Input:

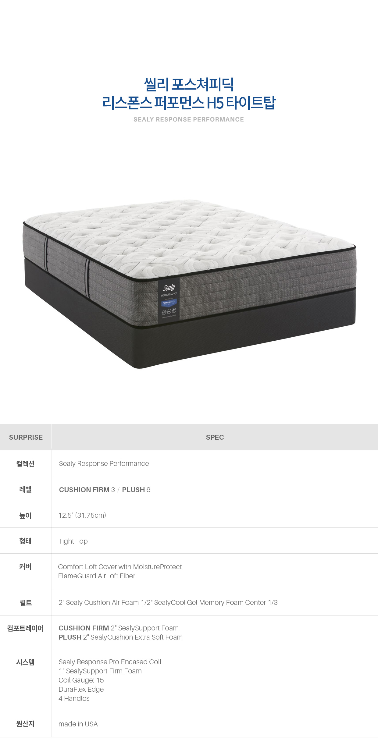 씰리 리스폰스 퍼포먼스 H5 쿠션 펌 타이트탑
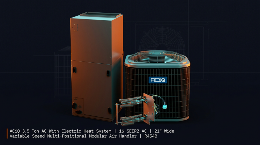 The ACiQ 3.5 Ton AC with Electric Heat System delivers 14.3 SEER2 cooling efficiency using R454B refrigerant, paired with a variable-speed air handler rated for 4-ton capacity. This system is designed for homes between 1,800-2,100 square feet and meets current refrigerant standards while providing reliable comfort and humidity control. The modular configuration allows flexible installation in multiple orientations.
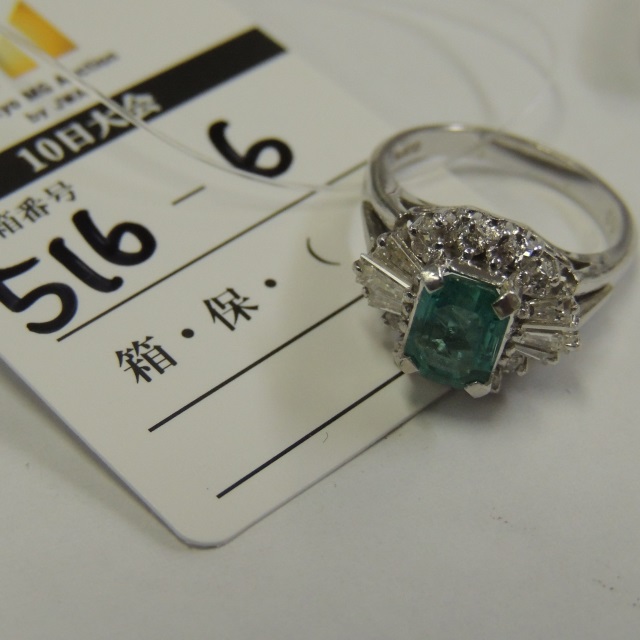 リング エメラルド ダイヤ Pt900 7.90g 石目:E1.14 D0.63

---

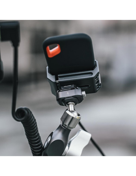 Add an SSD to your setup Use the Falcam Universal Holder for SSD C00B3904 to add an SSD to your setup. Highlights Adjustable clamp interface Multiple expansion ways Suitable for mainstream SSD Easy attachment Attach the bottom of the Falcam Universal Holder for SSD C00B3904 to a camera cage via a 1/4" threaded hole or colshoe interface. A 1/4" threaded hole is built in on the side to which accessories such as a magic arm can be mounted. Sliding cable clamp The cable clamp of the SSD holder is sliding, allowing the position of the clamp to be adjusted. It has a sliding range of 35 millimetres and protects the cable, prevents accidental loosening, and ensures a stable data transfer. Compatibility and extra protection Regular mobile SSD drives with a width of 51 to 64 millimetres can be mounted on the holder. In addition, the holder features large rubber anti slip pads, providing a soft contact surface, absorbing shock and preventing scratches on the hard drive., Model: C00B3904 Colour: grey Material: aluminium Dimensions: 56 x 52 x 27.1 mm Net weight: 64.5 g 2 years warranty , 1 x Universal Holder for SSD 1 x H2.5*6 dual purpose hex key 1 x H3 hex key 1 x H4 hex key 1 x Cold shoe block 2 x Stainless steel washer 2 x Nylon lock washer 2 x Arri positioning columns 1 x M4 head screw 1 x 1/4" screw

* * *

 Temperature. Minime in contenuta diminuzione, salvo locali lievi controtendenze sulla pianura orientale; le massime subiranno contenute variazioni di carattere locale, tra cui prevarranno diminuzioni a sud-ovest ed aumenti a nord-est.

Work to complete:
Skip every picture, and restate word for word only the lines above from the line containing "씰리 리스폰스 퍼포먼스 H5 쿠션 펌 타이트탑" to the line containing "リング エメラルド ダイヤ Pt900 7.90g 石目:E1.14 D0.63", both of them included.

Response area:
 씰리 리스폰스 퍼포먼스 H5 쿠션 펌 타이트탑
 The ACiQ 3.5 Ton AC with Electric Heat System delivers 14.3 SEER2 cooling efficiency using R454B refrigerant, paired with a variable-speed air handler rated for 4-ton capacity. This system is designed for homes between 1,800-2,100 square feet and meets current refrigerant standards while providing reliable comfort and humidity control. The modular configuration allows flexible installation in multiple orientations.
 リング エメラルド ダイヤ Pt900 7.90g 石目:E1.14 D0.63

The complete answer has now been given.